Question: I recently was dealt a royal flush. What are the odds of being dealt a royal flush?
Answer: Congratulations. All royals are great, but dealt royals are special because they happen so rarely. I was lucky enough to be dealt a royal twice last year, an occurrence I doubt will ever happen again.
To find the odds of being dealt a royal, we have to find two numbers: the number of ways to make a royal and the number of ways to deal a five-card poker hand. Notice that I didn't say the number of ways to deal five cards. That phrase implies that the order of the cards is significant. Order is irrelevant in a poker hand -- at least on most machines -- so we need to find the number of five-card hands.

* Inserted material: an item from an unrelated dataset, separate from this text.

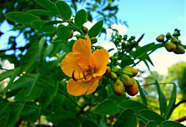 Keywords: flower shrub pistil stamen foliage yellow flower exotic

The first number is easy. There is one royal flush per suit and four suits in the deck, so there are four royal flushes.
For the second number, there are 52 ways to choose the first card in the hand, 51 for the second, 50 for the third, 49 for the fourth and 48 for the fifth. We multiply those numbers together to get 311,875,200. That's the number of ways to deal five cards when order is important. Mathematically this is called a permutation.
We don't care about the order of the cards in video poker. The mathematical term for this calculation is a combination. We have to divide by the number of ways to deal five cards.
How many ways are there to deal five cards? There are 5 cards for the first position, 4 for the second, 3 for the third, 2 for the fourth and 1 for the fifth. Multiplying these numbers together gives 120.
Dividing 311,875,200 by 120 gives 2,598,960. That's the number of five-card poker hands that can be dealt from a deck.
Odds are the ratio of the number of ways for an event to not happen to the number for the event to happen. Out of the 2,598,960 dealt hands, four are royal flushes, so there 2,598,956 way to not be dealt a royal flush. The odds are 2,598,956 to 4, or 649,739 to 1.
The probability of being dealt a royal is 4 divided by 2,598,960 or 0.00000154. That's a lot of zeros.
One other way to give the likelihood of an event is to give what Don Catlin called chances. I think this way of expressing the likelihood of an event is what most people mean when they ask for the odds and it's what most state lotteries refer to as odds. The chances of being dealt a royal flush are 4 out of 2,598,960, or 1 out of 649,740.
Speaking of odds, a few weeks ago a reader asked whether the odds of hitting the progressive were the same on Wheel of Fortune machines with different max bets. In my answer, I referred to old Nevada Regulation 14.045, which said that on machines connected to a common payoff, either the required bet had to be the same on all machines or the odds of winning the progressive had to be in proportion to the amount bet. The regulation specifically dealt with machines of different denominations participating in the same wide-area progressive, but the spirit of the regulation was that players betting more should have a better chance at the big prize.
That section of the regulation was amended about seven years ago and now just says that the machines "shall display the rules of play and the payoff schedule."
I found two Wheel of Fortune machines vying for the same progressive with different max bets. These machines have a plaque that says, "The odds of winning the Wheel of Fortune progerssive jackpot times the maximum wager is equivalent for all Wheel of Fortune progressive machines."
Let's express this text as a formula for two machines with max bets of $2 and $5, as in the original question. We don't know what the odds are, so let's just call them O2 and O5. The text says that the odds times the max bet are equivalent. The formula is 2xO2 = 5xO5. Doing a little division to solve for O2, we get O2 = 2.5xO5.
In other words, you're two-and-a-half times more likely to hit the progressive when you bet $2 on the two-coin machine than when you bet $5 on the five-coin machine.
Somehow I don't think that's what they mean -- and I hope that's not what's happening. You should be two-and-a-half times more likely to hit the jackpot when you bet $5.